Происходило все это в разгар вешнего ненастья, и накануне на морбаккском озере вскрылся лед. Никогда мы не видели его таким красивым, как в тот день, когда оно только-только сбросило с себя ледяной покров. Вода наполняла его до краев, по нем даже ходили настоящие волны. Вдобавок из лесу потоками сбегали огромные массы воды, и через затвор ее протекало столько, что мы подумывали установить там мельничку, которую нам смастерил Юхан и которую мы обычно ставили в Полоскальном ручье.

Однако нынче ночью, видимо, прошел буйный ливень, пруд переполнился и напрочь смыл всю насыпь, которую минувшим летом соорудили Свен из Парижа и Магнус Энгстрём. Нас поразила мощь, какую накопила вода, ведь она увлекла с собой и разметала по полю большущие камни. Песок унесло еще дальше, а ивовые черенки, высаженные папенькой на насыпи, не иначе как плыли сейчас к Фрюкену.

Вокруг поистине царила мерзость запустения. Земля, над которой еще вчера гордо ходили волны озера, теперь обнажилась. Сплошь глиняная жижа да кое-где лужи.
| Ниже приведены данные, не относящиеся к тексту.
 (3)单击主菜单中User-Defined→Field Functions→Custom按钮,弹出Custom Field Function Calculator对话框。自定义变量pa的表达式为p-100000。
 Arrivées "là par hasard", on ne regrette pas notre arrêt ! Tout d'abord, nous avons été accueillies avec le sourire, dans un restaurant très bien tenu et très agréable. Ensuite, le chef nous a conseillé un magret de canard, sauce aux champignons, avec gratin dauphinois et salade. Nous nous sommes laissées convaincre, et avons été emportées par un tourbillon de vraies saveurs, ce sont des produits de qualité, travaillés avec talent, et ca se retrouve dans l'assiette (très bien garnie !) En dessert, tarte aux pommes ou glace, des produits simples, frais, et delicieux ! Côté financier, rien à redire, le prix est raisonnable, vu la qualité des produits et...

В целости и сохранности был только старый утиный пруд.

Как раньше, маленький, круглый, в своих давних надежных берегах. Совершенно такой же, каким был всегда, не больше и не меньше, но нам казалось, будто он чуточку злорадствует и надеется снова войти в честь.

Однако же папенька, разумеется, никак не мог допустить возвращения к старому. Ведь за прекрасное озеро он снискал больше похвал, чем за любое другое свое предприятие. Звонарь сочинил об этом стихи, вся родня проявляла интерес, а г-жа Хедберг углядела над водой диковинное голубоватое свечение. Так что он просто не мог не возвести насыпь еще раз. Ведь дело шло о чести всей усадьбы.
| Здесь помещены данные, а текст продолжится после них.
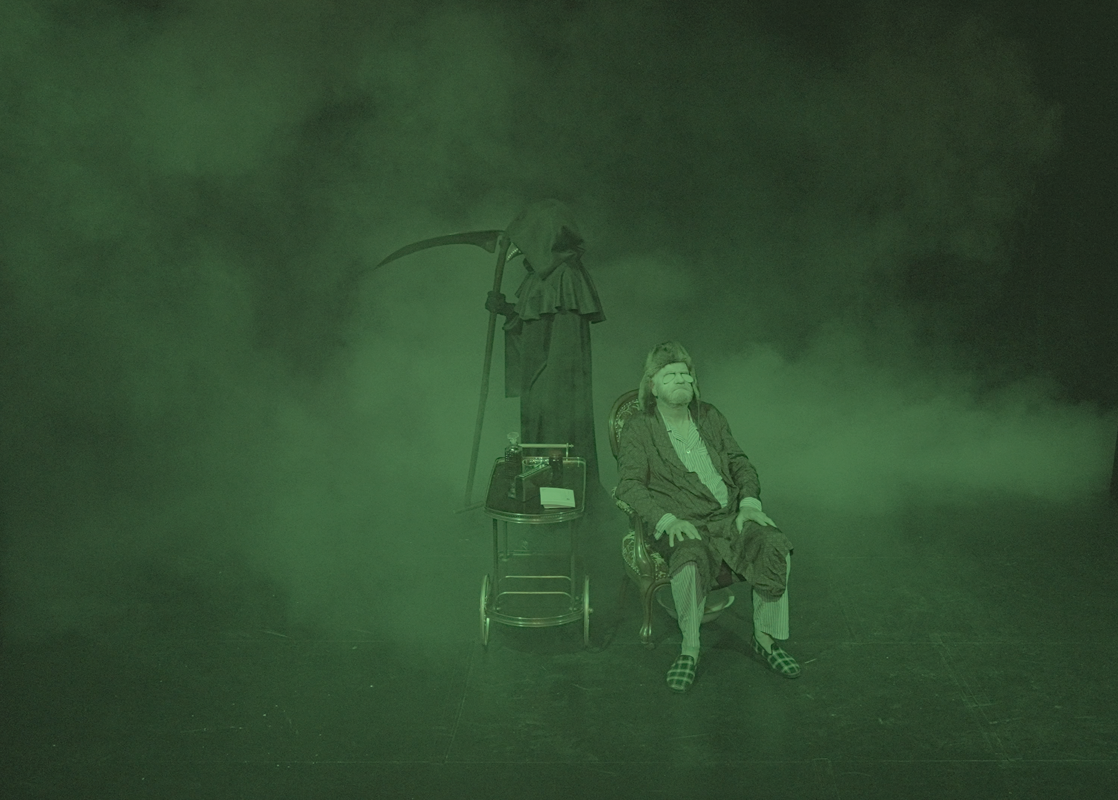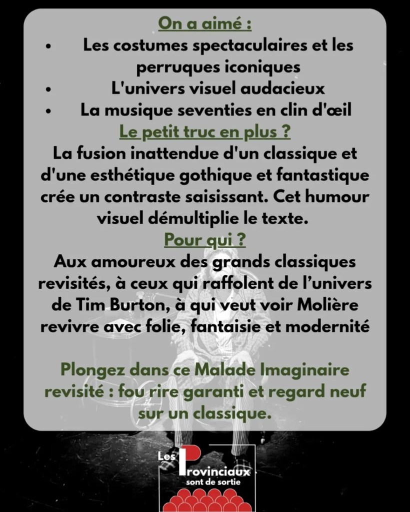 Le rapport à la mort est omniprésent tout au long du spectacle : à travers la maladie et la peur de mourir, le décès de la première femme d’Argan et la menace de suicide des amants, Angélique et Cléante.

И хотя надо было спешить с весенними работами, папенька не мог спокойно ими заниматься, пока насыпь не приведена в порядок. Вот и начали возить к пруду щебень, глину и песок, трамбовать, муровать, закладывать бреши, вместо того чтобы бороновать и сеять. Ларе из Лондона и Магнус из Вены только головой качали, глядя на новую суматоху, а старый Пер из Берлина, финн, понимающий толк в тайнах природы, напрямик заявил, что все это напрасный труд, недаром ведь замечено, что в старом пруду кто-то живет и им охота, чтобы все оставалось так, как повелось с незапамятных времен.

Так или иначе, насыпь возвели и обложили дерном, а не только засыпали сверху крупным песком, как прошлый раз. И посадили два ряда ивовых саженцев, которые, пустивши меж камнями длинные корни, помогут хорошенько их скрепить.

Изрядную работу проделали, и всего после нескольких ливней пруд вновь наполнился водою, а когда в августе съехались гости, морбаккское озеро сверкало на солнце, как в минувшем году. Правда, г-жа Хедберг уже не замечала над водой никакого голубоватого фосфорического свечения, но это и вся разница. Наверно, во время большого вешнего потопа все смыло.

На следующий год папенька в пору ледохода все время держался настороже. Каждый день обходил насыпь, смотрел, нет ли где трещин, сквозь которые может пробраться вода. И стоило одной-единственной капле просочиться на другую сторону насыпи, как он тотчас скликал народ, чтобы укрепить насыпь булыжником, глиной и песком.

А если ночью шел дождь, папенька вставал и шагал к насыпи, караулил там — вдруг что случится.

И все мы в доме ужас как тревожились за пруд. Никто не ведал покоя, пока не настало лето и все весенние бури и ненастья не остались позади.

По-моему, мелкие трещины в насыпи возникали каждую весну, так что приходилось постоянно укреплять ее да чинить, но ни разу она не бывала смыта полностью, до того года, когда папенька из-за сырых простынь захворал воспалением легких.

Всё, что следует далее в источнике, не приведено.